Bause grew up in Ontario and took her education in Peterborough - but it was always the mountains that called out to her for summertime work, and eventually, as a permanent home.
Bringing with her some inspiration from Group of Seven painter Lawren Harris - himself known to favour both Ontario Shield beauty and the grandeur of the Canadian Rockies - Bause now loves nothing better than to spend time outdoors taking photos and drinking in the beauty that inspires her paintings.
Many of her favourite scenes can be found in her former home base of Lake Louise, Lake O'Hara and beyond to Emerald Lake in Yoho National Park, but her body of work continues to broaden as she hikes, skis and canoes in new mountain places.

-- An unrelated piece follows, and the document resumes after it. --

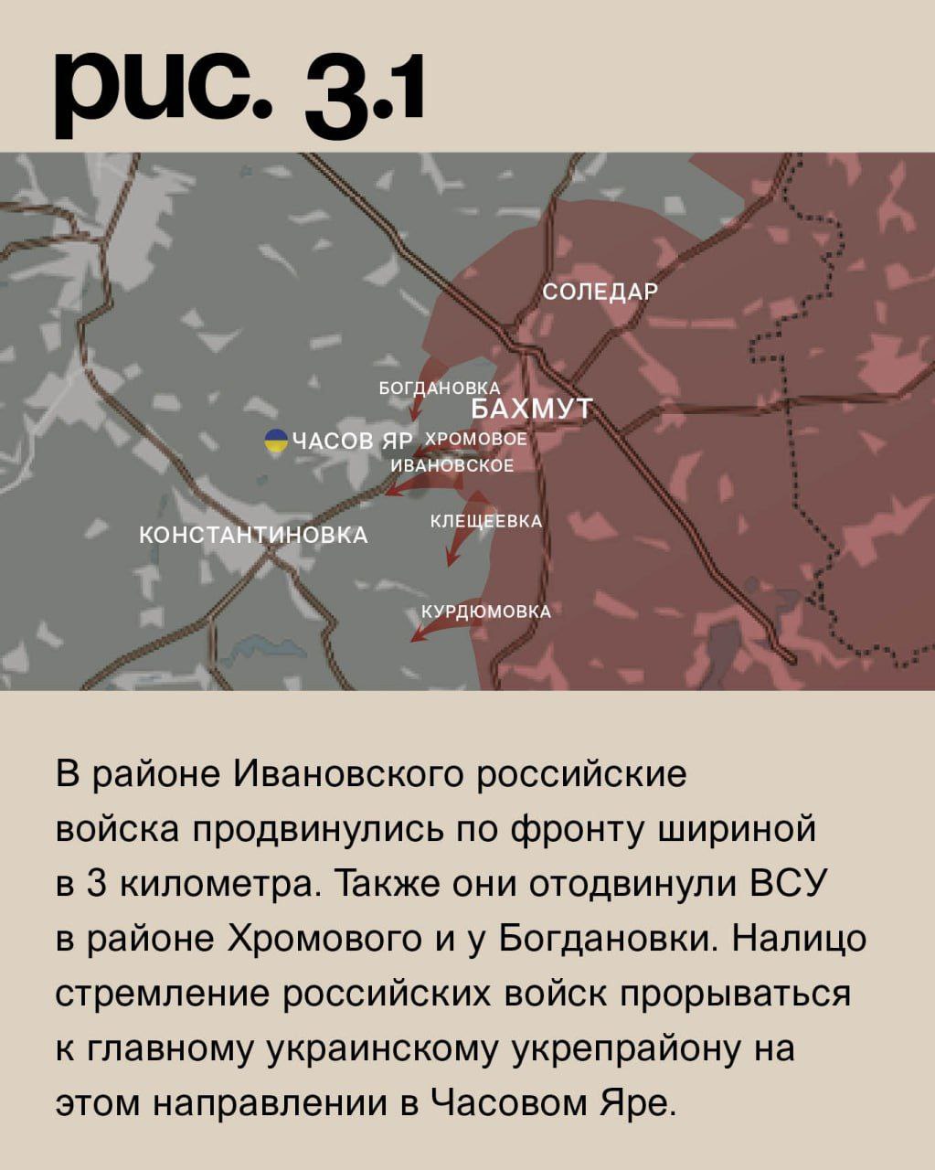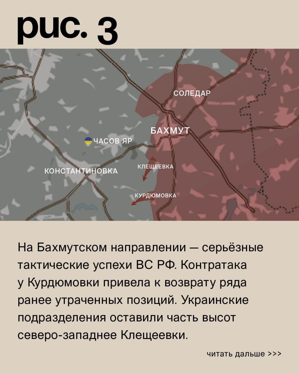 На Бахмутском направлении – серьёзные тактические успехи ВС РФ. Контратака у Курдюмовки привела к возврату ряда ранее утраченных позиций. Украинские подразделения оставили часть высот северо-западнее Клещеевки. В районе Ивановского российские войска продвинулись по фронту шириной в 3 километра. Также они отодвинули ВСУ в районе Хромового и у Богдановки. Налицо стремление российских войск прорываться к главному украинскому укрепрайону на этом направлении в Часовом Яре. (Рис. 3)

This summer, she hopes to work in plenaire, or, as the French would have it, right out in the middle of all that beauty with nothing but an easel, her paints, and more fresh air than some cities have seen in a decade. In her future, she'd love to take on some commissioned works and gradually ease into the life of a full-time painter.
In the meantime, she has the support of her employer in Canmore, Wilderness Homes by Riverdale, a local homebuilder that has purchased one of her large works to hang in a showhome.
She also has the inspiration that comes with sharing her considerable talent with others - in painting classes held in Canmore and Banff as part of their continuing education programs.
While the life of a full-time painter still lies in her future, Bause appears content to work hard at her colourful paintings, with colourful strokes ranging from the whimsical to the bold. It's a bright start indeed.